The other amazing thing is the inability to think ahead. He compromised his CIA director and the House Intelligence Committee Chairman. Neither will be able to credibly lead any type of investigation on the Russian connections now. Having one person make a Loretta Lynch type fuck up is one thing...but having three (including Sessions)? Jeez.

Bill Kristol was on Axelrod's podcast a few days ago and made a great point similar to this: Trump has not internalized yet that he is the President of the United States. Rather than complaining on Twitter about leaks from the FBI, CIA, et al., he doesn't even think to meet with Comey and Pompeo and get them to crackdown. Instead, his first response is to hire another outside billionaire to investigate the entire intelligence community while he castigates thousands of civil and foreign services employees publicly as being akin to Nazi Germany.

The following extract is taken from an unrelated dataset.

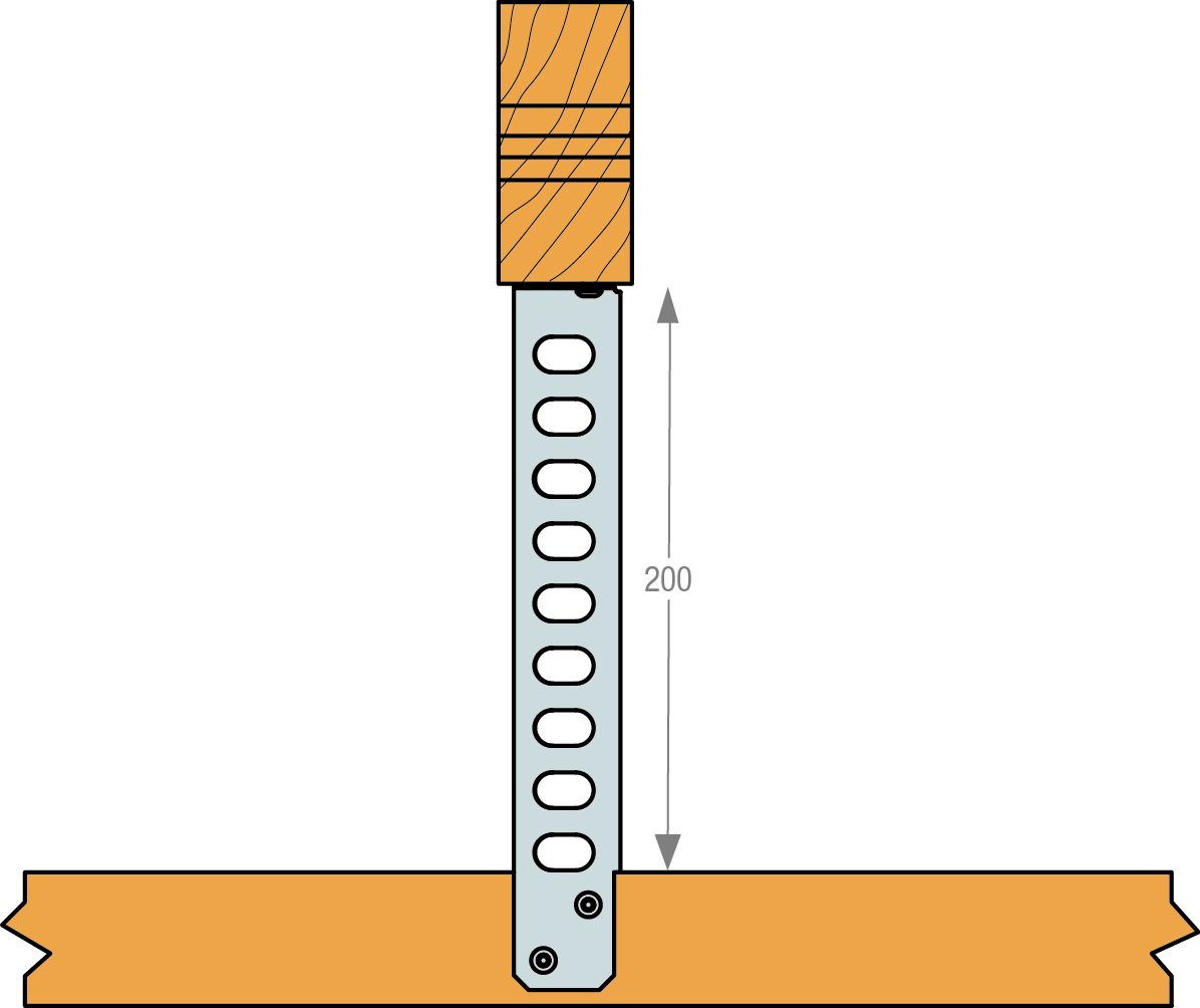 Beslaget används för nedsänkning av tak vid montage av tekniska installationer. Produkten är utvecklat utifrån Eurokod 5 och uppfyller kraven för kantavstånd.

In the long run, it's probably a good thing Trump doesn't really understand the depth of his power (yet), but still.
 
Just like that every hope is gone.

https://twitter.com/JohnJHarwood/status/836249701666160640

House GOP intel chair says no evidence either Trump or Clinton campaign contacted Russian govt last year: "we can't just go on witch hunt"

House GOP Intel chief Nunes on reports of Trump/Russia contacts: "I've been told by many folks there's nothing there"

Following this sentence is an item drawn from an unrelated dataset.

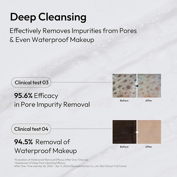 - DEEP & THOROUGH CLEANSING: A rich, creamy foam that effectively removes impurities. Clinical tests show 95.6% efficacy in pore impurity removal and 94.5% removal of waterproof makeup, leaving your skin feeling fresh and thoroughly clean

https://twitter.com/JohnJHarwood/status/836250156349677568

Its been clear for weeks that any meaningful investigation will come from the Senate not the House. This doesn't really change anything.
 
Just like that every hope is gone.

https://twitter.com/JohnJHarwood/status/836249701666160640

House GOP intel chair says no evidence either Trump or Clinton campaign contacted Russian govt last year: "we can't just go on witch hunt"

House GOP Intel chief Nunes on reports of Trump/Russia contacts: "I've been told by many folks there's nothing there"

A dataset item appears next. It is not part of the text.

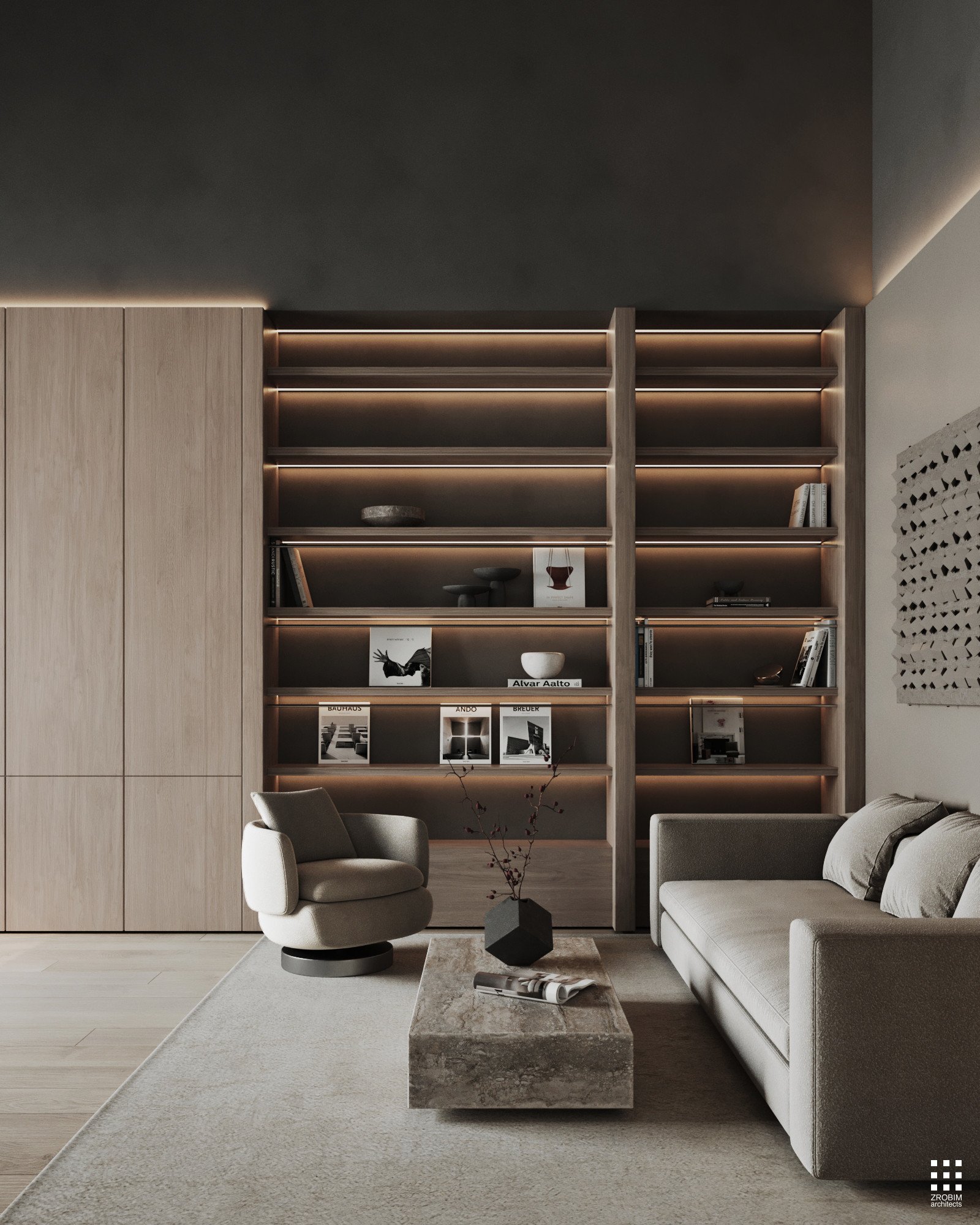 Пропорции, масштаб и материализация элементов выстроены в единую систему, где каждая деталь поддерживает общую архитектурную концепцию, а свет и фактура работают как инструмент композиции. Даже при использовании тёмной, насыщенной палитры интерьер остаётся тёплым, обволакивающим и визуально насыщенным, создавая пространство для разных сценариев жизни.

https://twitter.com/JohnJHarwood/status/836250156349677568

Do these guys have anything to do with the IC? I imagine they'd still continue it.
 
Bill Kristol was on Axelrod's podcast a few days ago and made a great point similar to this: Trump has not internalized yet that he is the President of the United States. Rather than complaining on Twitter about leaks from the FBI, CIA, et al., he doesn't even think to meet with Comey and Pompeo and get them to crackdown. Instead, his first response is to hire another outside billionaire to investigate the entire intelligence community while he castigates thousands of civil and foreign services employees publicly as being akin to Nazi Germany.

In the long run, it's probably a good thing Trump doesn't really understand the depth of his power (yet), but still.

Yup. It's a glaring flaw. I've never been on the impeachment bandwagon BUT...if you get this guy in court under oath he WILL commit perjury. Everything about his personality demands he lie, repeatedly.
 

sc0la

Unconfirmed Member
Sounds like a stimulus for an economy near full employment. Hmm wonder what could go wrong 🤔
Naw they'll just cut social spending and cut "wasteful" rounding errors out of the federal budget. (Arts, public broadcasting, science)
 
I think the cross over in those two is very significant to be fair, so eliminating one doesn't save the others (it's guns, God and country after all). I also think that even if the democrats do drop gun control, it won't matter - the single issue voters don't trust them on it, and have become so embedded in that cultur and rhetoric they won't ever shift.

I mean, the proposals the democrats put forward after the shootings under Obama have massive cross party support, and yet all failed in congress due to opposition from the right and the NRA, and they didn't pay a penalty for that at all.
A lot of the old constituent bases in the working class are much more pro gun than the city voters, it's why I think Murphy would be a bad 2020 candidate even though he's young and reasonably progressive.